Economic recovery slow in Parma Heights, critics growing

Economic recovery slow in Parma Heights, critics growing
Parma Heights (Source: WOIO)
Parma Heights (Source: WOIO)

PARMA HEIGHTS, OH (WOIO) - It is a site that at one time was a ray of hope for Parma Heights, the site of the former Church in the Woods.

The site has been sold and the woods cut down to make way for a Senior Care center.

What is frustrating to neighbors is the fact that the trees have remained stacked up on the site since April. The site has become a rallying point for critics of the city and nearby residents who call it unsightly.

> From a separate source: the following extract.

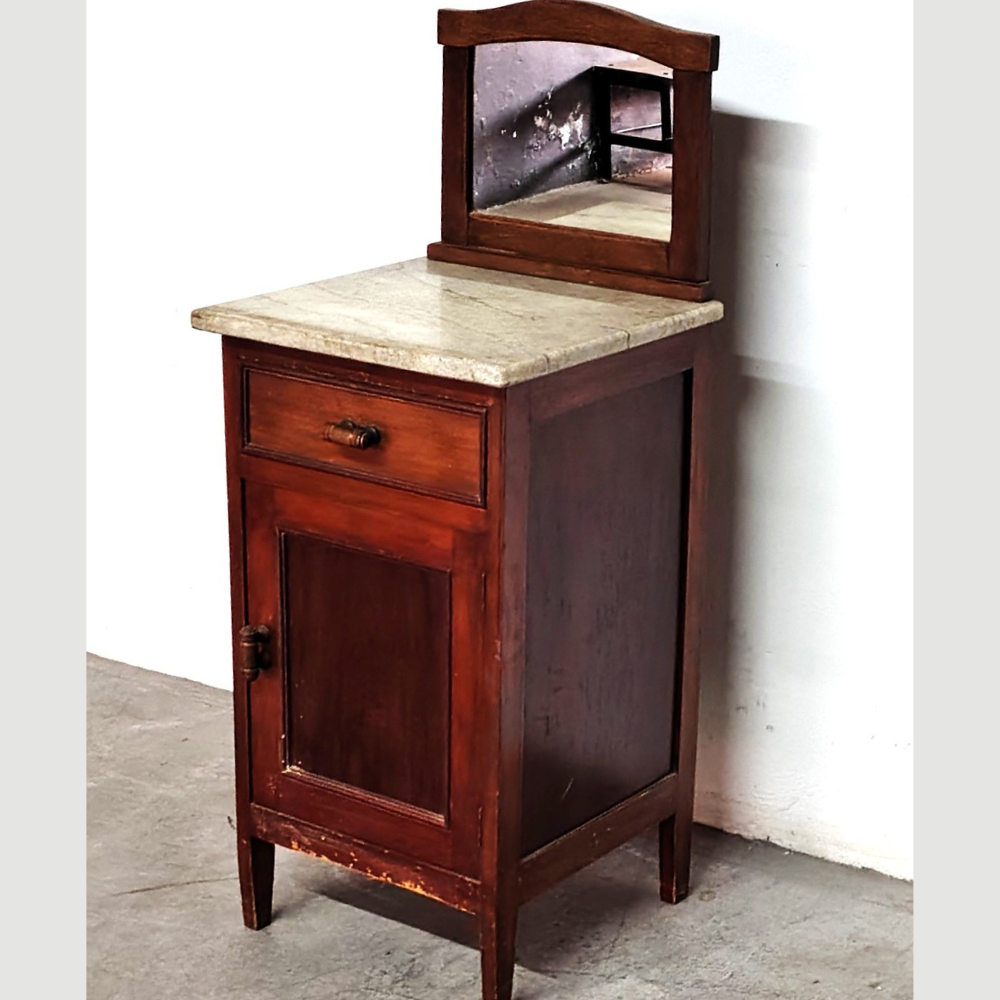 Criado Mudo Embuia com Gaveta, Espelho e Pedra de Mármore Madeira Maciça Antiguidade
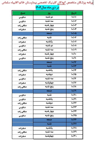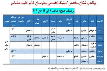 برنامه درمانگاه تخصصی بیمارستان خاتم الانبیاء در دی ماه 1404 1404/10/01 - 12:15 - تعداد بازدید: 41 - تعداد بازدیدکننده: 39 - کد خبر : 23549 - گروه خبری : آخرین اخبار,گالری تصویر - تعداد نظرات : 0

Mayor Michael Byrne says the delay isn't because of a lack of action, the trees had to be cut early to avoid EPA problems concerning Indiana brown bats. A similar concern delayed the start of work on the American Greetings site in Westlake a few years ago.

Byrne is keenly aware of his critics saying, "We're trying to do as many things as we can to make sure we keep as many people as possible happy."

For example the footprint of the project was moved away from a creek and homes nearby, groundbreaking on what will be known as Randall Residences is currently set for September.

But other challenges remain. Pearl Road is a vibrant artery through the city, but not as vibrant as it once was. Plaza after plaza has vacant storefronts. Retailers who remain vibrant elsewhere haven't been able to make it in Parma Heights.

Byrne says there is hope, a nearly vacant plaza recently got a new owner.  "The recession hurt, the cut in the local government fund has really hurt," added Mayor Byrne.

The most glaring reminder of the way the economy has hit Parma Heights is the Cornerstone Project, now a dusty dirty lot.  Mayor Byrne says a new developer is making new progress in attracting a potential tenant.

He notes the larger issue for the city, "We don't have a diverse tax base you know, it's all on the back of our residents and we're trying to provide the best services we can to them, they really, they're really paying the price."

He observes that with an older population and no direct interstate access, it is a big hurdle to overcome.